• _ASSIGNMENT_
From the very first line of the data to the line containing "Checking all the", retype everything exactly, leaving the pictures behind.

• _AVAILABLE DATA_
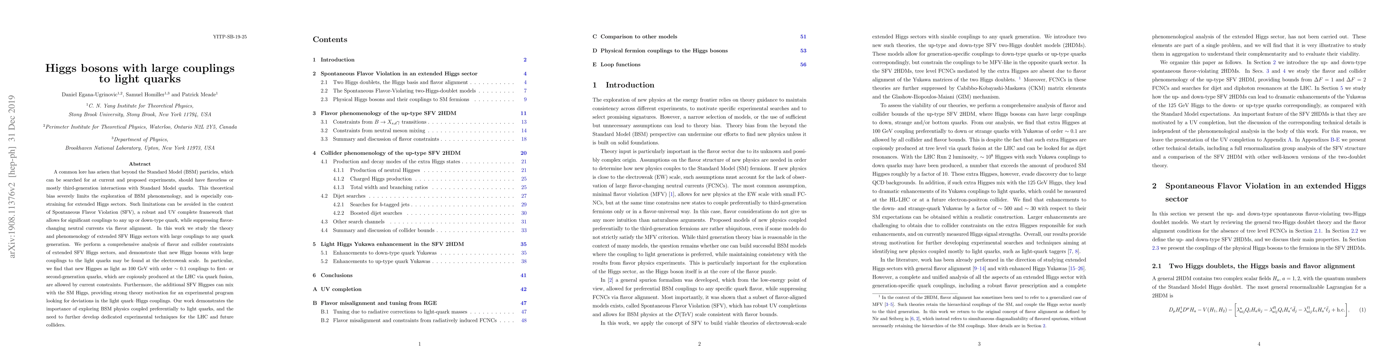 A common lore has arisen that beyond the Standard Model (BSM) particles, which can be searched for at current and proposed experiments, should have flavorless or mostly third-generation interactions with Standard Model quarks. This theoretical bias severely limits the exploration of BSM phenomenology, and is especially constraining for extended Higgs sectors. Such limitations can be avoided in the context of Spontaneous Flavor Violation (SFV), a robust and UV complete framework that allows for significant couplings to any up or down-type quark, while suppressing flavor-changing neutral currents via flavor alignment. In this work we study the theory and phenomenology of extended SFV Higgs sectors with large couplings to any quark generation. We perform a comprehensive analysis of flavor and collider constraints of extended SFV Higgs sectors, and demonstrate that new Higgs bosons with large couplings to the light quarks may be found at the electroweak scale. In particular, we find that new Higgses as light as 100 GeV with order $\sim$ 0.1 couplings to first or second generation quarks, which are copiously produced at LHC via quark fusion, are allowed by current constraints. Furthermore, the additional SFV Higgses can mix with the SM Higgs, providing strong theory motivation for an experimental program looking for deviations in the light quark-Higgs couplings. Our work demonstrates the importance of exploring BSM physics coupled preferentially to light quarks, and the need to further develop dedicated experimental techniques for the LHC and future colliders.
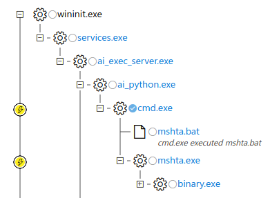 Checking all the information provided in the alert will help us understand what has happened. For instance, in the attached process tree, we see that cmd.exe has been used to run a script named mshta.bat, and that later the binary mshta.exe has been executed, which spawned a new process from the binary.exe file.
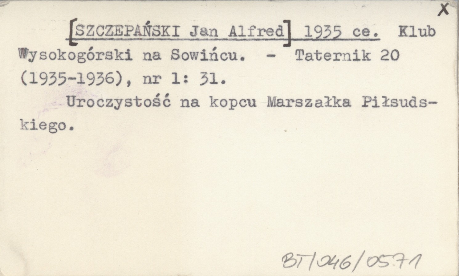 [SZCZEPAŃSKI Jan Alfred] 1935 ce Klub Wysokogórski na Sowińcu.

• _TASK RESULT_
 A common lore has arisen that beyond the Standard Model (BSM) particles, which can be searched for at current and proposed experiments, should have flavorless or mostly third-generation interactions with Standard Model quarks. This theoretical bias severely limits the exploration of BSM phenomenology, and is especially constraining for extended Higgs sectors. Such limitations can be avoided in the context of Spontaneous Flavor Violation (SFV), a robust and UV complete framework that allows for significant couplings to any up or down-type quark, while suppressing flavor-changing neutral currents via flavor alignment. In this work we study the theory and phenomenology of extended SFV Higgs sectors with large couplings to any quark generation. We perform a comprehensive analysis of flavor and collider constraints of extended SFV Higgs sectors, and demonstrate that new Higgs bosons with large couplings to the light quarks may be found at the electroweak scale. In particular, we find that new Higgses as light as 100 GeV with order $\sim$ 0.1 couplings to first or second generation quarks, which are copiously produced at LHC via quark fusion, are allowed by current constraints. Furthermore, the additional SFV Higgses can mix with the SM Higgs, providing strong theory motivation for an experimental program looking for deviations in the light quark-Higgs couplings. Our work demonstrates the importance of exploring BSM physics coupled preferentially to light quarks, and the need to further develop dedicated experimental techniques for the LHC and future colliders.
 Checking all the information provided in the alert will help us understand what has happened. For instance, in the attached process tree, we see that cmd.exe has been used to run a script named mshta.bat, and that later the binary mshta.exe has been executed, which spawned a new process from the binary.exe file.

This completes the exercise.